We've also been promised more of "Coven", and Emma Roberts is listed as a show star even though she doesn't appear in the first episode. Presumably she'll be back to play her character from that season Madison Montgomery. Although Coco seems a lot like Madison. So it's possible the girl's school for witches could have survived the ICBMs, either through witchcraft or because New Orleans wasn't that big a target.

It's the world of American Horror Story, and pretty much anything is possible. The season has been cut down to eight episodes, and they cover a lot of ground in "The End". It's hard to imagine they can fill eight episodes with story. But they've done multiple stories within seasons before, so it's quite possible after they deal with the fallout shelter and Wilhelmina and Gallant, they could jump to the witch school in Louisiana. Or take a jaunt back into the past to look at Jessica Lange pre-apocalypse.

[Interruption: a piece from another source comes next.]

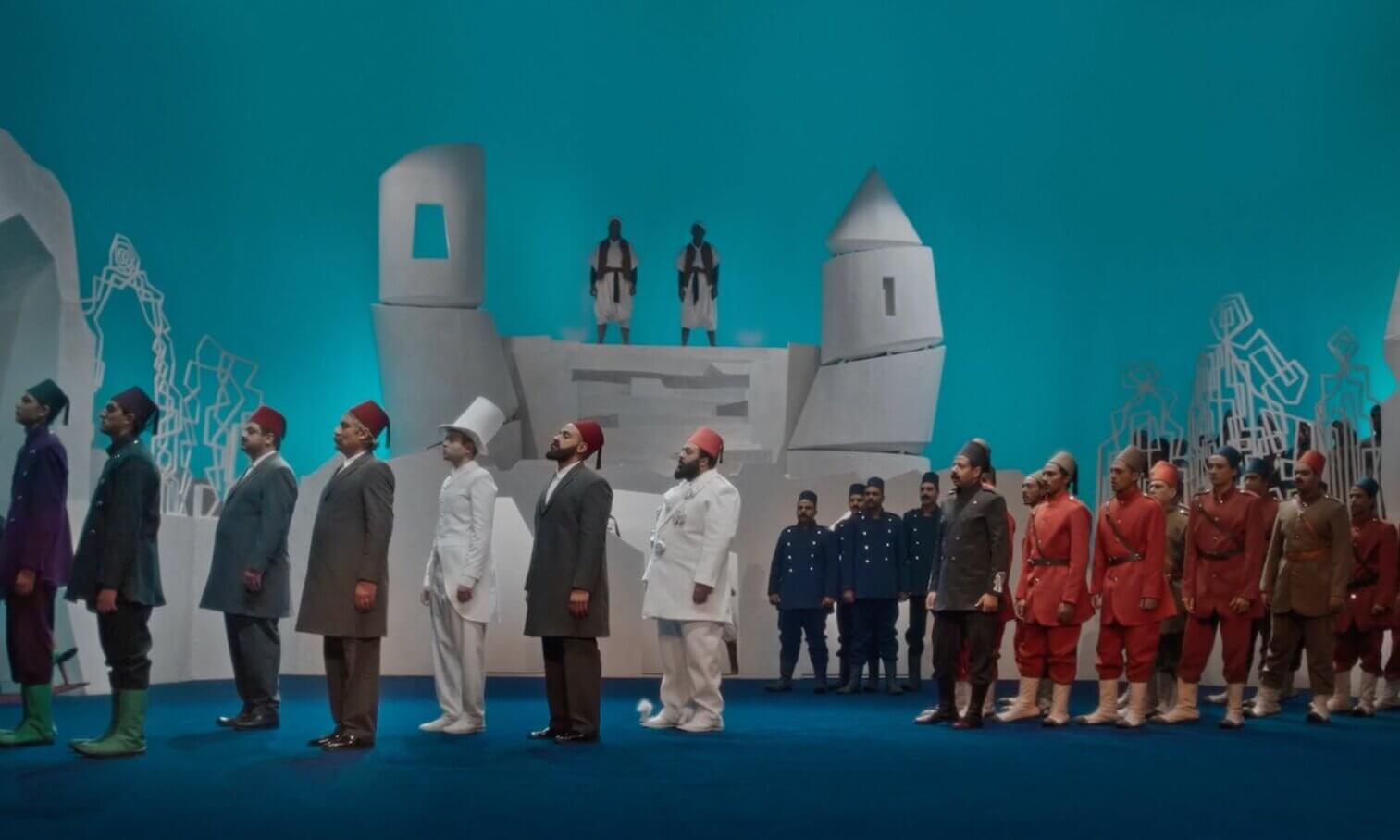 Wael Shawky (Alexandrie, 1971) signe Drama 1882 : il en est le réalisateur, le chorégraphe et le compositeur. Dans cette installation filmique, un chœur d’interprètes égyptiens chante en arabe classique. En huit tableaux, l’opéra de 45 minutes revisite la révolte d’Urabi, moment charnière qui ouvre l’ère de la domination britannique. Plutôt qu’une chronique officielle, Wael Shawky ne “raconte” pas : il propose une mémoire locale, chantée, hypnotique, où la politique se joue au présent, dans le corps et la voix.

As for "The End" itself, no one gets anything too outstanding. Kathy Bates and Sarah Paulson do their by-now typical creepy acts. Evan Peters struts around and hams it up. Adina Porter has some cute bits as a TV actress who recites self-help slogans. We don't find out much about Andre, Tim, or Emily, and the actors playing them are listed as guest stars rather than show stars. Then again, so is Joan Collins. She doesn't even get a Special Guest Star credit. I'm not fan of Joan Collins, but sheesh. They credited Billy Eichner and Mare Winningham as SGSs among others throughout the seasons. Ms. Collins needs a better agent: Billy Eichner is "special" but Joan Collins isn't? I don't think so.

Overall, "The End" was pretty typical. It's another look at whatever the current fear is, which was big last year when they explored the fear of (to simplify things) Trump. Now we have fear of a nuclear apocalypse. And it's got Peters and Paulson and Bates and a lot of the typical Murphy/Falchuk actors, imagery, and tropes.

But that's just my opinion, I could be wrong. What do you think?

Written by Gislef on Sep 13, 2018

Comments

WayneInNYC posted 2 months ago

They didn’t bury the horses. They were shot at a cliff’s edge and they fell below.
Even creepier, we see one of the horses dragged into the bushes at the bottom of the cliff by unseen entities, and I swear we hear the crunching of bones.